(Data records)
-.-.-
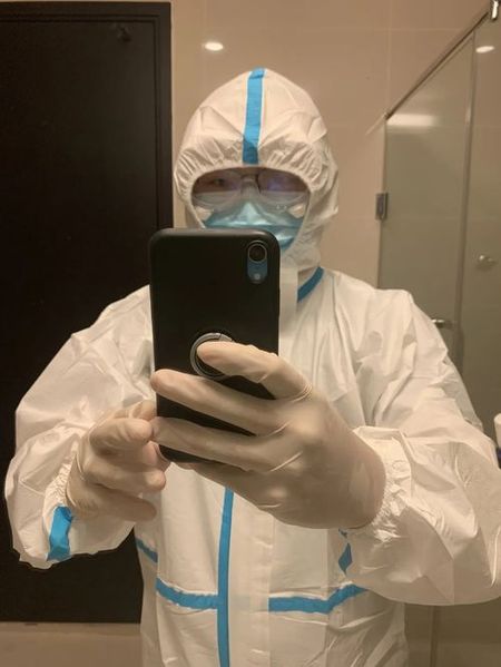 缅甸疫情形势严峻,这样的防护装备是陈戍元的日常必需。
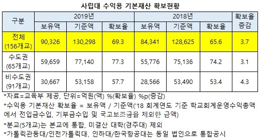 올해 전국 156개 사립대의 수익용 기본재산 확보율은 69.3%다. 지난해 65.6%보다 3.7%p 상승했다. 수익용 기본재산은 약 9조원으로 지난해 8.4조원보다 6000억원 증가했다. 지역별로 보면 수도권(65개교)이 77.3%로 지난해 74.2%보다 3.1%p, 비수도권대학(91개교)은 57.7%로 지난해 53.4%보다 4.3%p 상승했다.
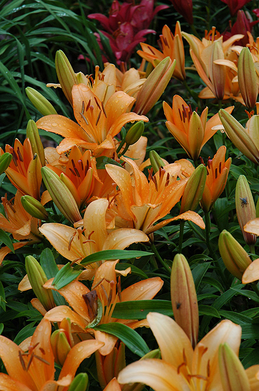 Royal Perfume Lily features bold orange trumpet-shaped flowers with peach overtones at the ends of the stems in mid summer. The flowers are excellent for cutting. Its narrow leaves remain green in colour throughout the season.
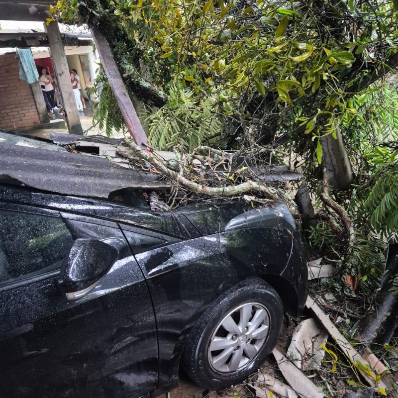 Os galhos atingiram parcialmente dois automóveis, causando danos materiais. A equipe dos bombeiros utilizou equipamentos de proteção individual (EPIs), motosserras e cordas para realizar o corte completo e a retirada das árvores, eliminando o risco de novos incidentes. Ninguém ficou ferido.
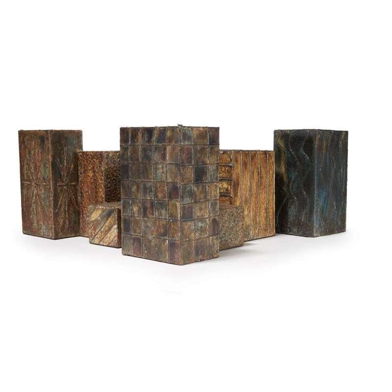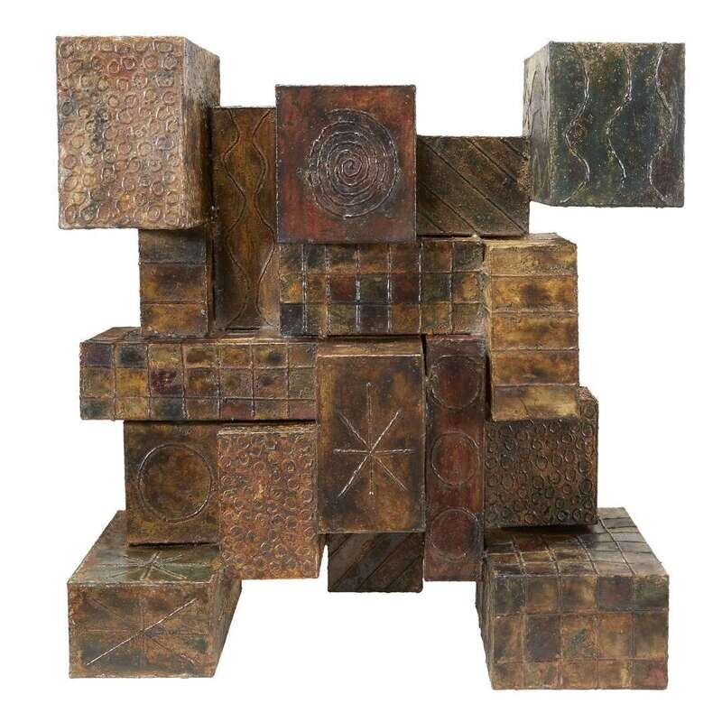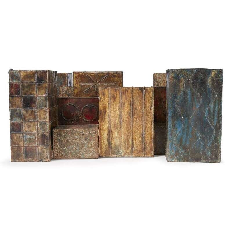 Patinated and welded steel, glass Signed and dated: "Paul Evans 75"
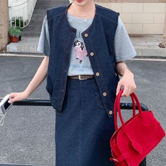 ゆったりとしたベストと縦長のスカートラインが調和し、すっきりとした着こなしに
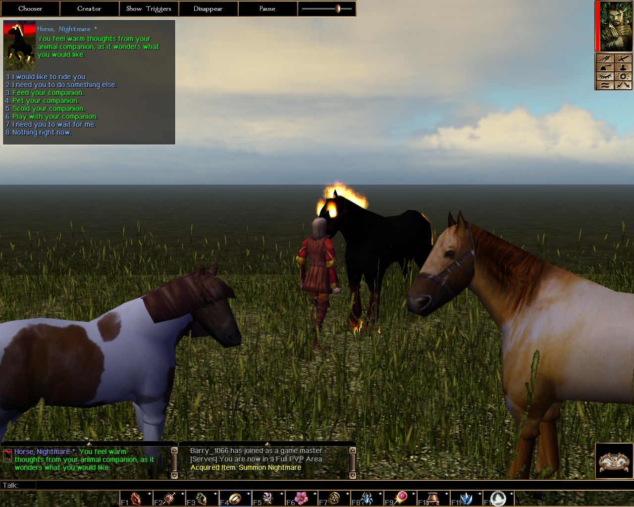 Feb 2007 I am adding my pack animal system with the saddlebag persistant storage. There is a pack: Camel, Horse, Pony, and Ox. These are full henchmen with Animal companion type interface.
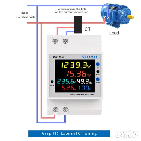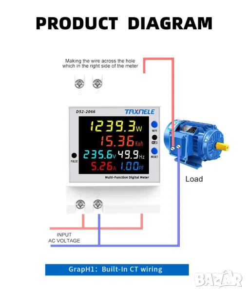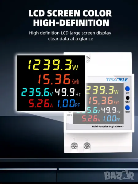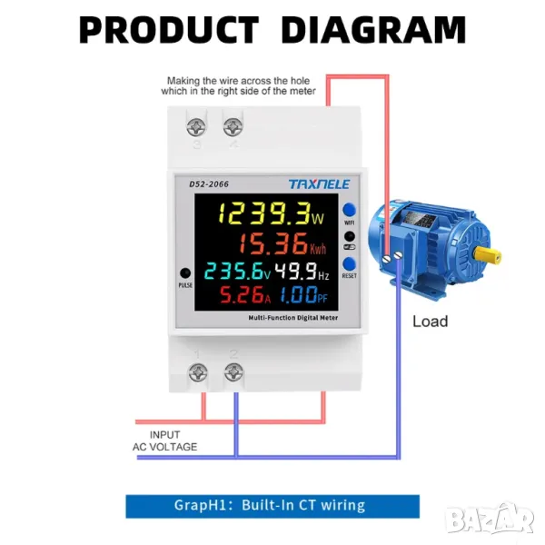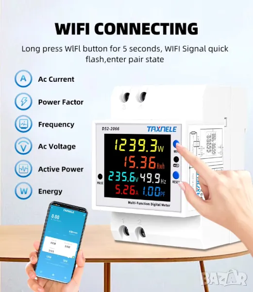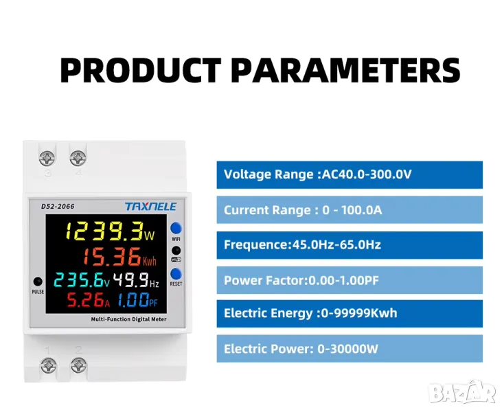 - Електрическа енергия: 0-99999kwh, резолюцията на дисплея на електрическата енергия е 0,01kwh при измерване на електрическата енергия между
-.-.-
• AIM OF THE EXERCISE:
Pictures stay out, and every line of the records is transcribed exactly.

• SOLUTION TO THE PROBLEM:
 缅甸疫情形势严峻,这样的防护装备是陈戍元的日常必需。
 올해 전국 156개 사립대의 수익용 기본재산 확보율은 69.3%다. 지난해 65.6%보다 3.7%p 상승했다. 수익용 기본재산은 약 9조원으로 지난해 8.4조원보다 6000억원 증가했다. 지역별로 보면 수도권(65개교)이 77.3%로 지난해 74.2%보다 3.1%p, 비수도권대학(91개교)은 57.7%로 지난해 53.4%보다 4.3%p 상승했다.
 Royal Perfume Lily features bold orange trumpet-shaped flowers with peach overtones at the ends of the stems in mid summer. The flowers are excellent for cutting. Its narrow leaves remain green in colour throughout the season.
 Os galhos atingiram parcialmente dois automóveis, causando danos materiais. A equipe dos bombeiros utilizou equipamentos de proteção individual (EPIs), motosserras e cordas para realizar o corte completo e a retirada das árvores, eliminando o risco de novos incidentes. Ninguém ficou ferido.
 Patinated and welded steel, glass Signed and dated: "Paul Evans 75"
 ゆったりとしたベストと縦長のスカートラインが調和し、すっきりとした着こなしに
 Feb 2007 I am adding my pack animal system with the saddlebag persistant storage. There is a pack: Camel, Horse, Pony, and Ox. These are full henchmen with Animal companion type interface.
 - Електрическа енергия: 0-99999kwh, резолюцията на дисплея на електрическата енергия е 0,01kwh при измерване на електрическата енергия между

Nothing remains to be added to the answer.